Prima di cena ho suonato alla porta del signor Michele.
«Alice, vieni!»
Il suo appartamento è più piccolo del nostro, e molto più ordinato. Aleggiava un intenso odore di cipolle, che mi ha fatto arricciare il naso.
Il signor Michele se ne è accorto, perché è scoppiato a ridere.
«Eh sì, questa sera cipolle! Ti dà fastidio l’odore? Io trovo che sia un profumo… appetitoso».
Scoperchia una pentola che borbotta sul fornello.
«Adoro la zuppa di cipolle. Anche quella di zucca… Oh, ma tu sei venuta per qualche ragione, immagino. La tua mamma è di nuovo senza sale?»
È già capitato più volte, infatti.
«No, sono venuta a chiederle ripetizioni di tedesco» dico io, e sento che sto un po’ arrossendo.
«Oh, il tedesco. Una bella lingua, precisa».
«Con parole che non finiscono mai» sbuffo io.
Il signor Michele scoppia a ridere un’altra volta.
«Già. Der Haustürschlüssel. La chiave della porta di casa. E senti quest’altra: Kapitänsuniformknopf. Però devi ammettere che lì dentro c’è proprio tutto, non si può sbagliare. Ti fa vedere il bottone, l’uniforme e anche il capitano!»
«Io sbaglio, eccome! Perciò mi serve un aiuto. Un paio di ore alla settimana…»
Il signor Michele scuote la testa.
«È passato così tanto tempo… Temo di aver dimenticato molte cose».
«Io dico di no. Un attore ha la memoria allenata» obietto prontamente.
«E va bene, proviamo!»
«Proviamo! Poi viene la mamma, per il prezzo…»
«Eh, no! Il prezzo lo decido io!» esclama il signor Michele.
Lo guardo, un po’ stupita e anche un po’ preoccupata. E se chiedesse cinquanta euro all’ora? O cento addirittura?
«Kostenlos!»
Continuo a guardarlo stupita e preoccupata.
«Eh?»
«Abbiamo già incominciato la lezione» ridacchia lui. «In tedesco vuol dire gratis. In realtà, gratis è una parola latina».
A questo punto faccio sicuramente una faccia ammirata, perché sto pensando: «Quante cose sa, il signor Michele!»
Deve leggermi nel pensiero, perché dice: «Ottantaquattro anni sono un sacco di tempo, sai? Un sacco di tempo per imparare un sacco di cose…»

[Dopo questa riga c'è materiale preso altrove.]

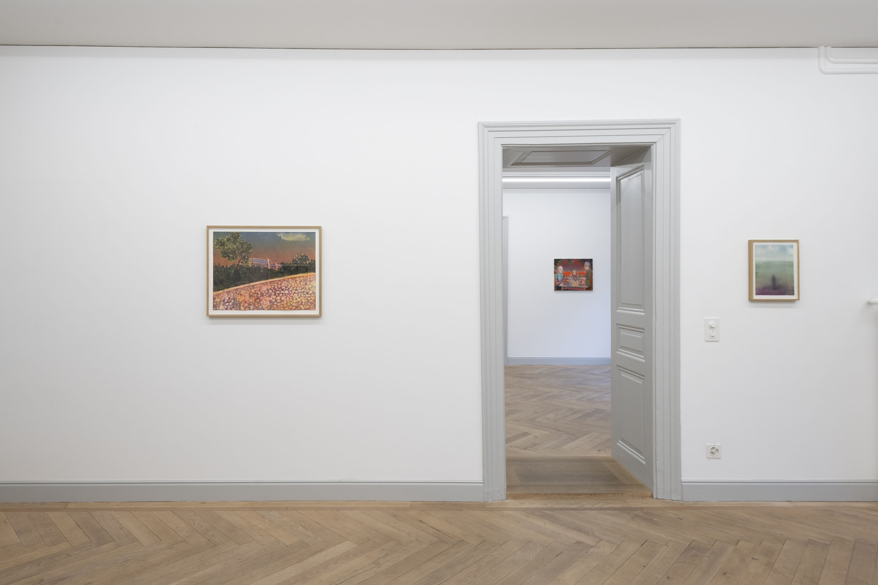 Galerie Peter Kilchmann is pleased to present Nasse Augen (Wet Eyes), the fourth solo exhibition by Swiss artist Andriu Deplazes (*1993 in Zurich; lives and works in Marseille and Zurich). The title references his solo exhibition Rote Augen (Red Eyes) at the Bündner Kunstmuseum Chur in 2019. While Rote Augen represented raging anger, wrath, and a loud outcry, Nasse Augen symbolizes letting go, liberation, and the courage to finally cry. The sense of powerlessness, as a reaction of the individual to seemingly insurmountable, complex issues in our present moment, reverberates. The exhibition embodies the artist's development: his work has matured, solidified, and he convincingly demonstrates his quality as an outstanding painter.Through his works, Deplazes explores the three floors of the Rämistrasse with themes that reflect political, global, and personal processes: human beings and their connection to nature, family constellations, protection, exclusion, and precarity—motifs already familiar from his previous body of work. Water appears in many of his pieces as a unifying element, while another central theme is the search for mechanisms of protection, security, and intimacy, or, conversely, the act of liberation—a dynamic interplay between the inner and outer realms. The exhibition features new paintings on canvas, works on paper, ceramic sculptures, and paintings on glass, some of which are presented in light boxes. In his use of colors and atmospheres, the artist has drawn inspiration from Ernst Ludwig Kirchner, Lucian Freud, Maria Lassnig, and other artists of classical modernism.

Sono già alla porta quando il signor Michele mi ferma e mi mette una ciotola tra le mani dicendomi: «Qui c’è un assaggio della mia zuppa di cipolle per i tuoi genitori. Credo che a loro piacerà».
«Ma… e per lei?»
«Ce n’è a sufficienza, stai tranquilla. Le cipolle oggi erano… in offerta speciale!»
Un minuto dopo sono di nuovo davanti alla porta dell’appartamento del signor Michele.

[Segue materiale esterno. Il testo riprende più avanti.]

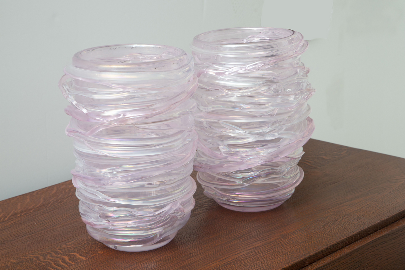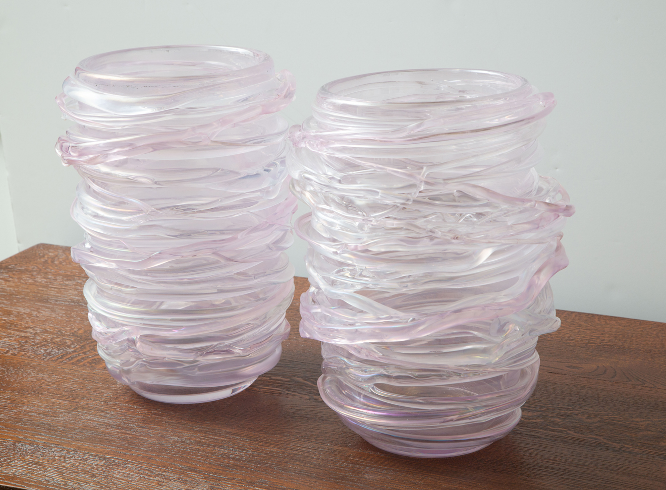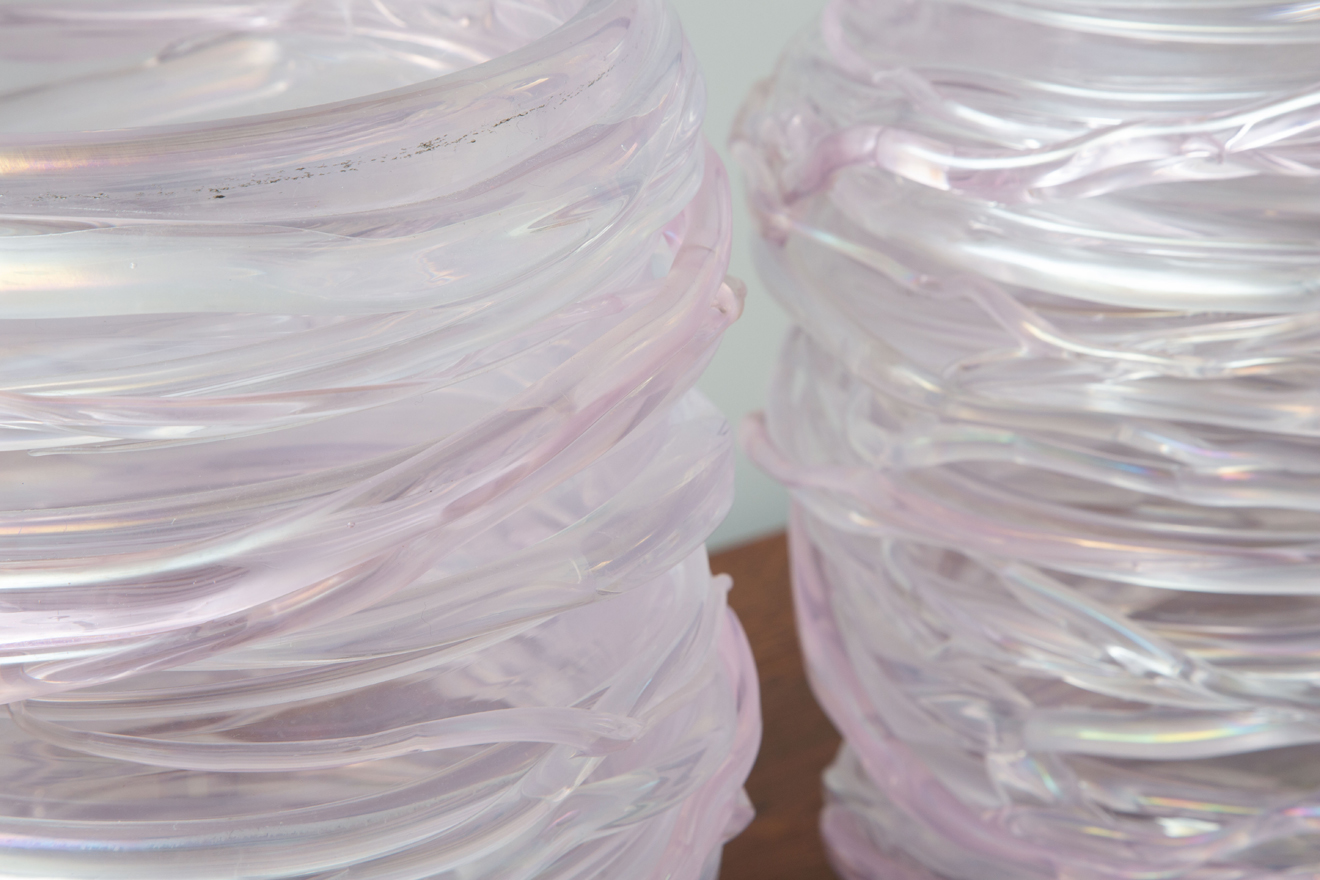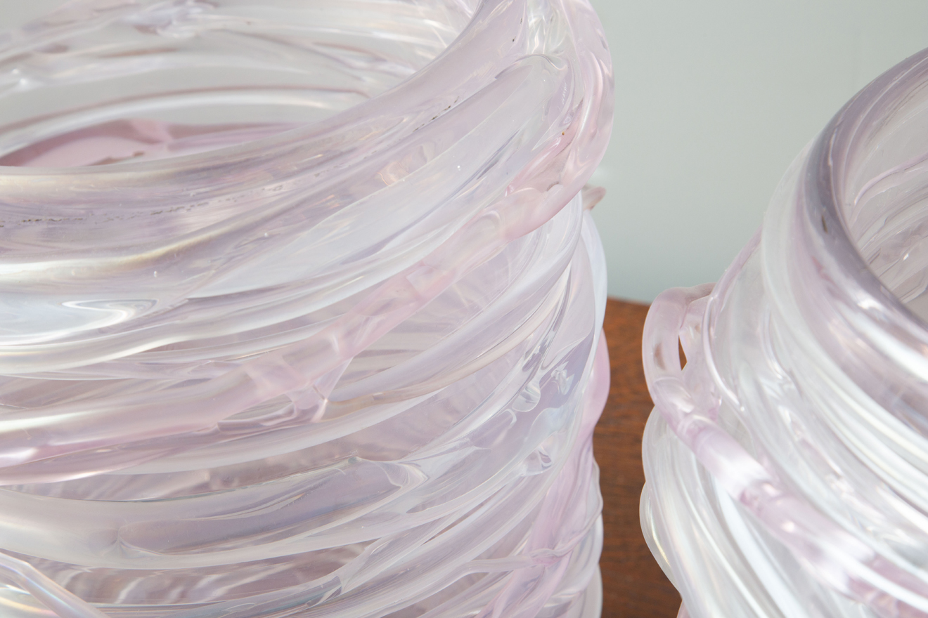 Italian hand blown pink murano vases.

«La mamma dice che gratis non va bene, ma di questo parlerete un’altra volta. Dice anche che accetta la sua zuppa se lei accetta di venire a mangiarla da noi».
E così ceniamo insieme: io, i miei genitori e il nostro vicino. Ammetto che all’inizio avrei preferito che il signor Michele non ci fosse. Non sarebbe stato gentile rifiutare la sua zuppa davanti a lui. Infatti ero sicura che non mi sarebbe piaciuta, quella cosa che mi trovavo davanti. Un piatto pieno…
Invece l’ho vuotato tutto e ho anche fatto il bis. Le cipolle del mercato, quelle in offerta speciale erano buonissime!
Il signor Michele mi guardava raccogliere anche l’ultima goccia della sua zuppa e intanto sorrideva soddisfatto.
«Danke» mi ha sussurrato. Ho capito: grazie. Il mio tedesco sta già migliorando.